587
The reason of conclusion (1) can be
attributed to the unbalance of areas of
each category. The reason of conclusion
(2) can be considered as follows.
Generally speaking, larger number of
clusters can bring higher classification
accuracies. However, if number of
clusters are too much compared to sample
size, generated clusters are statistcally
unstable, and classification accuracies
will decrease. If these assumptions are
true, the peaks(c1 uster numbers
corresponding to maximum classification
accuracy) in each sample size column will
move to larger number of clusters
according to increasing sample size and
the maximum classification accuracy will
be obtained at the maximum sample size.
Actually, the former estimation seems to
be realized in Table 3(c), but for the
latter estimation, the maximum
classification accuracy is obtained when
sample size is 45 x 45.
The classified result of the maximum
classification accuracy is shown in
Fig.6. If you compare Fig.3(a)
(supervised learning case) and Fig.6, it
is evident that high density urban areas
are almost disappeared in Fig.6. This
phenomena cannot be observed from
classification accuracies, because high
density urban areas and residential areas
are merged in the classification accuracy
assessment. The reason that high density
urban areas have disappeared is evident.
The spectral signatures of high density
urban areas and residential areas are
very similar, so there occurs much
misclassifications between these two
categories. However, as the areas of
residential areas are far larger than
high density urban areas, most of
clusters corresponding to high density
urban areas are assigned to residential
areas because of the nature of area
assignment.
The reason of this phenomena were
considered to be the unbalanced test
site. To improve the balance of areas
between categories, new test sites were
added to test site a.
4.2 Results for test site b
Table 4(a) and (b) shows the results for
test site b. Table 4(a) corresponds to
area weighted mean and Table 4(b)
corresponds to an arithmetic mean. From
Table 4(a), the following conclusions can
be obtained:
(1) The absolute accuracies have
increased about 10% compared to test site
a.
(2) The variation among classification
accuracies has increased a little (about
10%), but if we omit very low accuracies
(in the case of 10 clusters), variations
are still very small (about 5%).
(3) The tendency of peaks seems more
apparent compared to the case of test
site a. This tendency is also shown as a
graph in Fig.5. However, it is very
difficult to say that it is statistically
significant.
(4) The maximum classification accuracy
is still obtained at the case of sample
size 45 x 45.
In order to acquire more distinct
results, simple average were calculated
and is shown in Table 4(b). From this
result the following conclusion were
obtained:
(1) The absolute accuracies are now
almost the same with Table 4(a).
(2) The tendency of peaks also exists,
but it is broken at sample size 50 x 50.
(3) The variations of classification
accuracies are still very small and it is
difficult to obtain statistically
meaningful conclusion.
(4) The maximum classification accuracy
is obtained when sample size is 45 x 45
and number of clusters is 83, but the
accuracy in the case of when sample size
is 30 x 30 and 28 clusters were almost
the same (only 0.3% difference).
(5) The maximum classification accuracy
does not increase with the sample size.
In order to avoid this deficit,
percentage assignment has been applied.
The classified result are shown in Fig.7.
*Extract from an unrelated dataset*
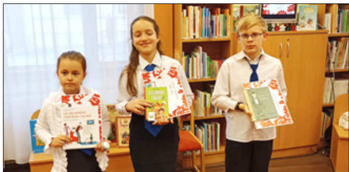
Ezüst minősítésű mesemondók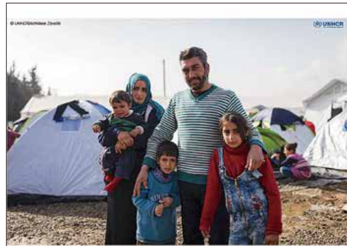
UNHCR Greece. Thousands of refugees mainly from Iraq and Syria are stranded at the village of Idomeni near the Greek - FYR of Macedonia border.

国による外交活動だけでなく、地域や市民による平和への活動や国際交流、国際協力、多文化共生などの取組が、世界の平和と安定に貢献します。横浜市そして横浜市民が培ってきた国際平和推進の取組を次の世代へ確かなものとするために条例を提案するものです。市民意見募集後、いただいたご意見を反映した条例案として5月から始まる横浜市会第2回定例会での成立を目指しています。

From this figure, the inverse effect can
be observed. That is, clusters are tend
to be assigned to small area categories.
For instance, if there is a category
which has only 3 pixels in the test site,
and 2 pixels in the same cluster are
classified to that category, the
percentage of that cluster to that
category is 66% and this cluster will be
assigned to that category even when other
100 pixels of that cluster are classified
to another category which has 200 pixels.
From the above results the following
conclusions were obtained:
(1) It is natural that classification
accuracies increase with the number of
sample size, but this assumption has not
been certified in this experiments.
(2) There exists the optimal number of
clusters according to the sample size.
(3) Variations among classification
accuracies were very small and classified
results were worse than the case of
supervised learning though the estimated
classification accuracies using test site
data were better.
(4) Most of the above conclusions were
mainly dominated by the category
assignment procedure, and a better
procedure is necessary to obtain more
distinct conclusion.